Cup of Coffee

Sip and Snack All Day? Risk Tooth Decay

Do you sip on soda, sport drinks, coffee or tea with milk and sugar all day? Do you suck on breath mints or candy? Do you snack all day instead of eating meals? When you are tired, do you grab a soda, energy or sports drink? Do you drink fruit juices including 100% juice? If you answered yes to any of these questions, you may be more susceptible to cavities.

Sugar in your favorite beverages

Tap Water: 1 cup: 0 grams of sugar

Sweet Tea: 1 cup: 12 grams of sugar

Energy Drink: 1 can: 25 grams of sugar

Regular Sports Drink: 1 bottle: 30 grams of sugar

Regular Soda: 1 can: 33 grams of sugar

Fruit Smoothie with Yogurt: 1 cup: 34 grams of sugar

Blended Cold Cappuccino Drink: 1 medium/grande: 44 grams of sugar

Frequency and time of exposure of certain food choices can lead to tooth erosion and cavities. A steady supply or sugary food and drinks can damage your teeth. Even healthy snacks like dried fruits and oranges can raise your risk of erosion and cavities.

Plaque is the sticky film of bacteria and food particles that forms on teeth. The bacteria in plaque create acid from eating the sugars found in the food and drink you eat. When you have sugary foods or drinks throughout the day, the enamel of your teeth is exposed to acid attack.
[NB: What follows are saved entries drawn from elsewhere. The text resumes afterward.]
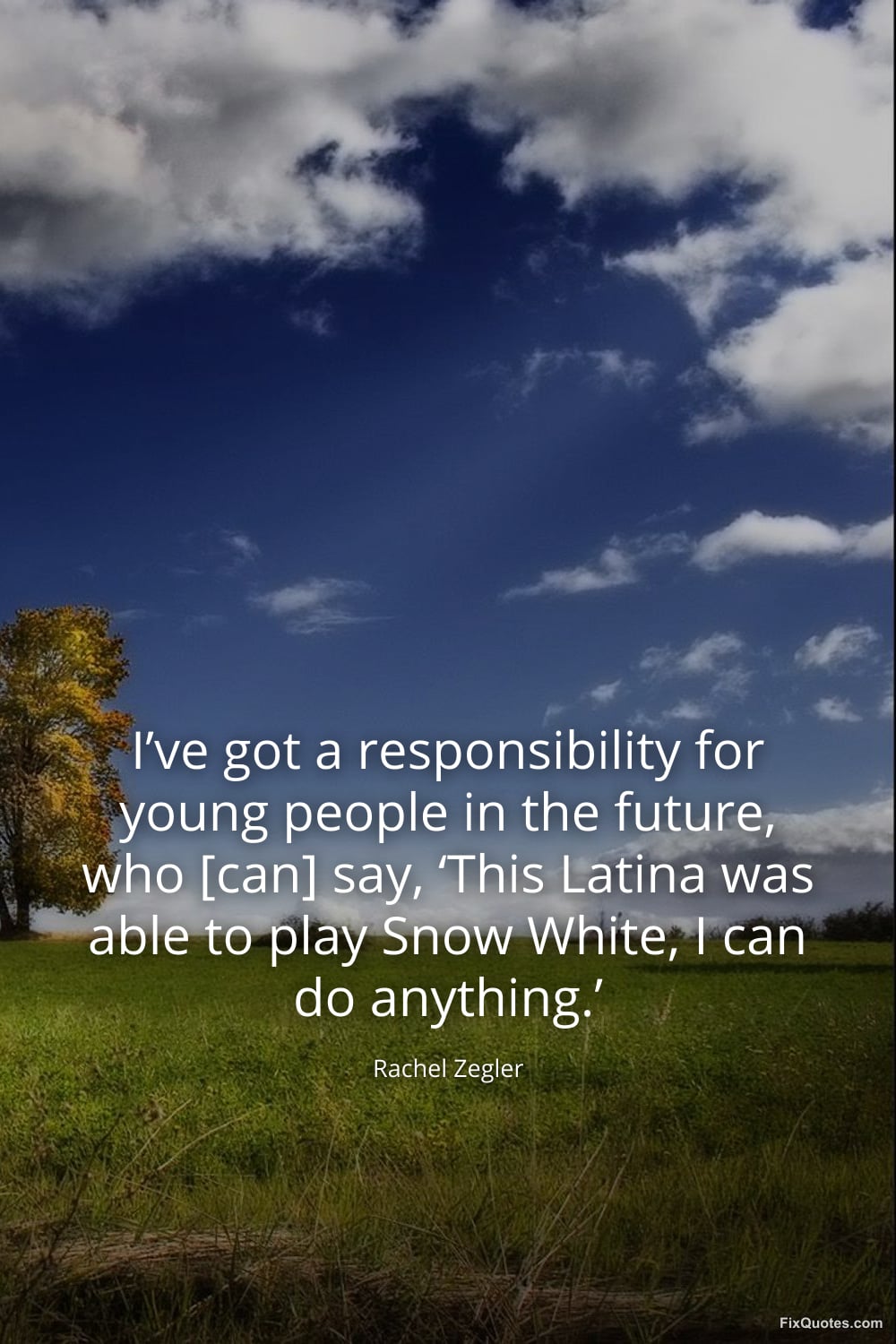 "I’ve got a responsibility for young people in the future, who [can] say, ‘This Latina was able to play Snow White, I can do anything.’." FixQuotes, 18 Mar. 2026, https://fixquotes.com/quotes/ive-got-a-responsibility-for-young-people-in-the-186144/. Accessed 18 Mar. 2026.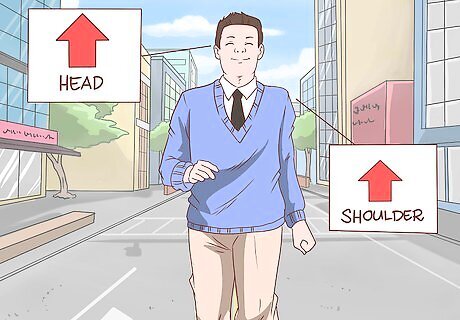Walk with your head held high. Just as posture can affect you when you're sitting, it can also affect you while standing and walking. If you feel bad about your body, it may show in the way you carry yourself. Demonstrate confidence by walking with your shoulders back and your chin tilted upward. Doing this will help you to feel better about yourself. Psychologist Amy Cuddy describes 'power poses' that you can use to increase confidence. These positions include standing in a wide stance with your hands gaped at your sides. The "Wonder Woman" pose is characterized by placing your hands on your hips with your chest poked out. Taking on such a pose increases your own self-perception of being capable and in charge.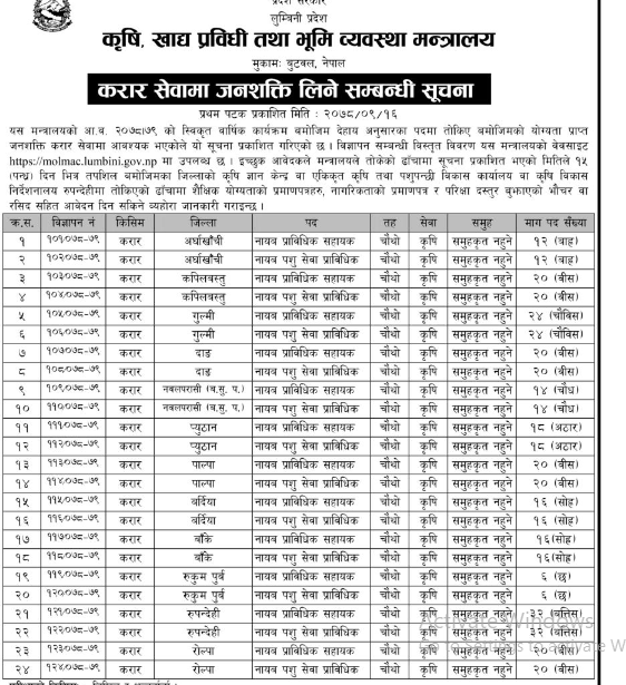 मन्त्रालयले प्रदेशका सबैजसो जिल्लामा नायक प्राविधि सहायक र नायव पशु सेवा प्राविधिकका लागि विज्ञापन आह्वान गरेको हो ।

Enamel is the hard, outer surface of your teeth. The acid is greatest for up to 20 minutes after eating and drinking. The enamel will eventually wear away from repeated acid exposure to start to create a cavity in the tooth.

A healthy well- balanced diet includes whole fruits and vegetables, whole grains, protein from lean meats, low in saturated fats, sodium and sugar. It may also improve your chances of avoiding diseases like heart disease, diabetes and oral diseases like cavities. Teeth need vitamins, protein, calcium and phosphorous from a healthy diet to be healthy. All sugars can not be avoided. For instance, apples, carrots and milk contain naturally occurring sugars but also contain beneficial vitamins, minerals and nutrients for your body.

You can lower your risk for cavities by avoiding sugary drinks when possible and limiting snacks between meals. If you have sugary foods and drinks, it is best to have them with a meal. Saliva weakens the effects of acid and rinses the food particles from your mouth. Chewing sugarless gum has been shown to increase saliva production and weaken acids thereby reducing cavities. Drinking tap water with fluoride can help prevent cavities. Regular brushing and flossing are part of good oral hygiene routine. Regular visits to the dentist for a check-up and these other measures help reduce your risk for cavities.